Role Name: test-role
{
"Version": "2012-10-17",
"Statement": [
{
"Effect": "Allow",
"Action": [
"s3:GetObject",
],
"Resource": "arn:aws:s3:::test-bucket/${aws:PrincipalTag/TenantID}/*"
},
{
"Effect": "Allow",
"Action": [
"sts:AssumeRole",
],
// Same role ARN: Ability to assume itself
"Resource": "arn:aws:iam::<aws-account-d>:role/test-role"
}
]
}
I am assuming the same role in lambda but the the session tag as
const credentials = await sts.assumeRole({
RoleSessionName: 'hello-world',
Tags: [{
Key: 'TenantID',
Value: 'tenant-1',
}],
RoleArn: 'arn:aws:iam::<aws-account-d>:role/test-role'
}).promise();
I am trying to achieve ABAC with a single role instead of two(one role with just assuming role permission, another role with actual s3 permission) so that it would be easier to manage the roles and also won't reach the hard limit of 5000.
Is it a good practice to do so, or does this approach has security vulnerability?
It should work, but feels a bit strange to re-use the role like this. It would make more sense to me to have a role for the lambda function, and a role for the s3 access that the lambda function uses (for a total of two roles).
Also make sure that you're not relying on user input for the TenantID value in your code, because it could be abused to access another tenant's objects.

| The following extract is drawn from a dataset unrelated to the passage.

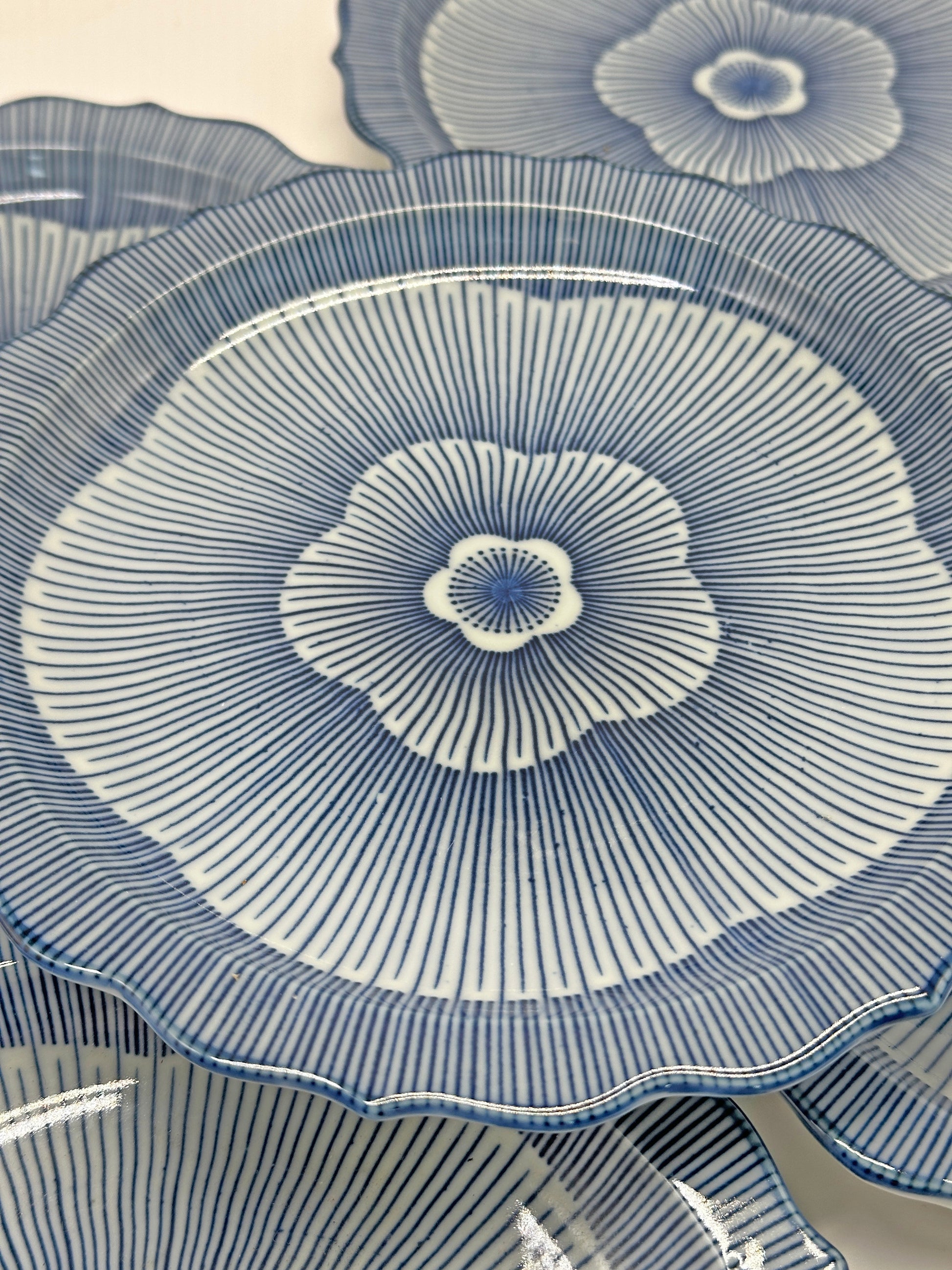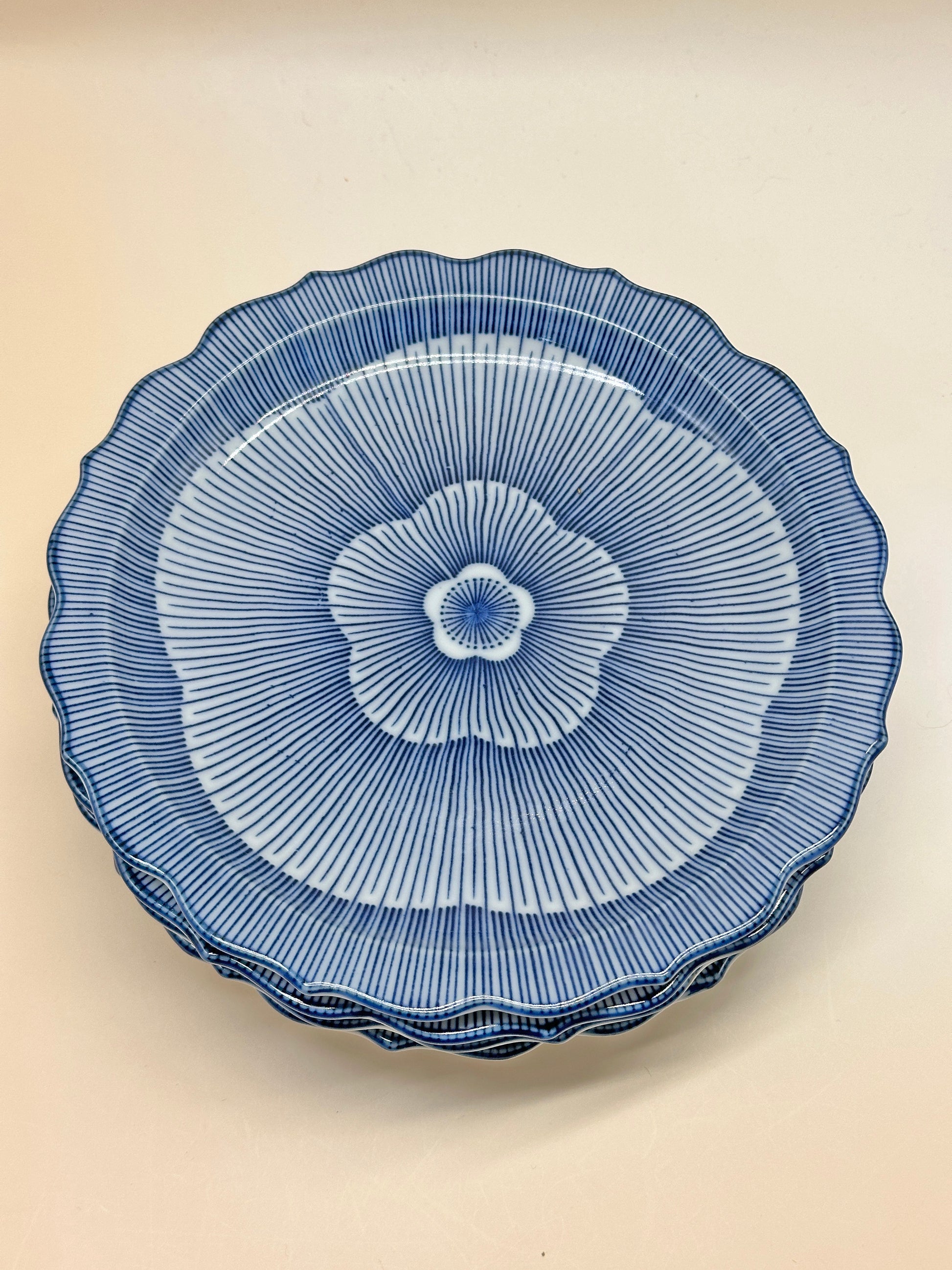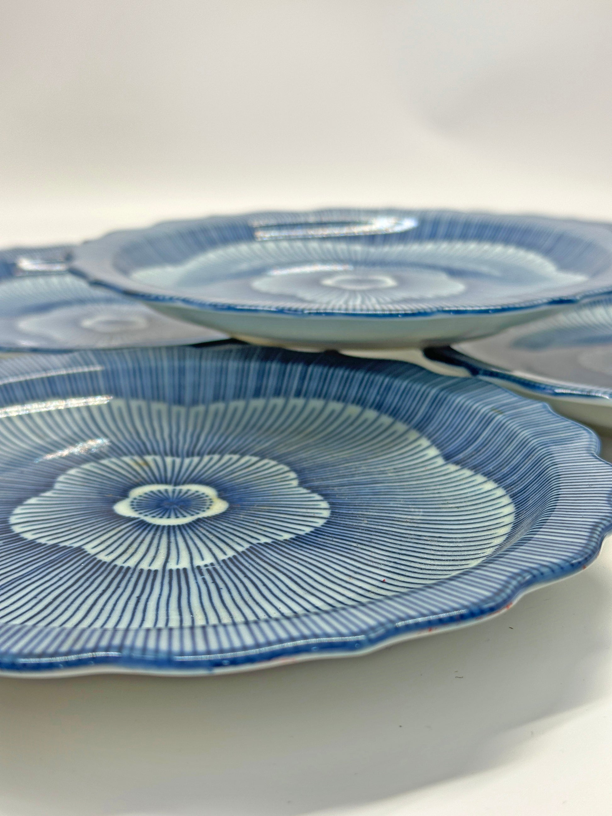 This is a beautiful set of five medium-sized plates featuring a refined plum blossom motif. The design is created with delicate radial blue lines that spread gracefully across the surface, forming the image of a blooming plum flower. Each plate has a softly scalloped rim that adds an elegant touch and enhances the overall sense of refinement.

TLDR: I would not advise you to do this.
Ability to assume itself
I think there is some confusion here. The JSON document is a policy, not a role. A policy in AWS is a security statement of who has access to what under what conditions. A role is just an abstraction of a "who".
As far as I understand the question, you don't need two roles to do what you need to do. But you will likely need two policies.
There are two types of policies in AWS, of interest to this question: Identity based policies and Resource Based policies:
Identity-based policies are attached to some principal, which could be a role.
Resource-based policies are attached to a resource - which also could be a role!
A common use case of roles & policies is for permission delegation. In this case, we have:
A Role, that other principals can assume, maybe temporarily
A trust policy, which controls who can assume the role, under what conditions, and what actions they can take in assuming it. The trust policy is a special case of a resource policy, where the resource is the role itself.
A permissions policy, which is granted to anyone who assumes the role. This is a special case of an identity policy, which is granted based on the assumption of a role.
Key point: both policies are associated to the same role. There is one role, two policies.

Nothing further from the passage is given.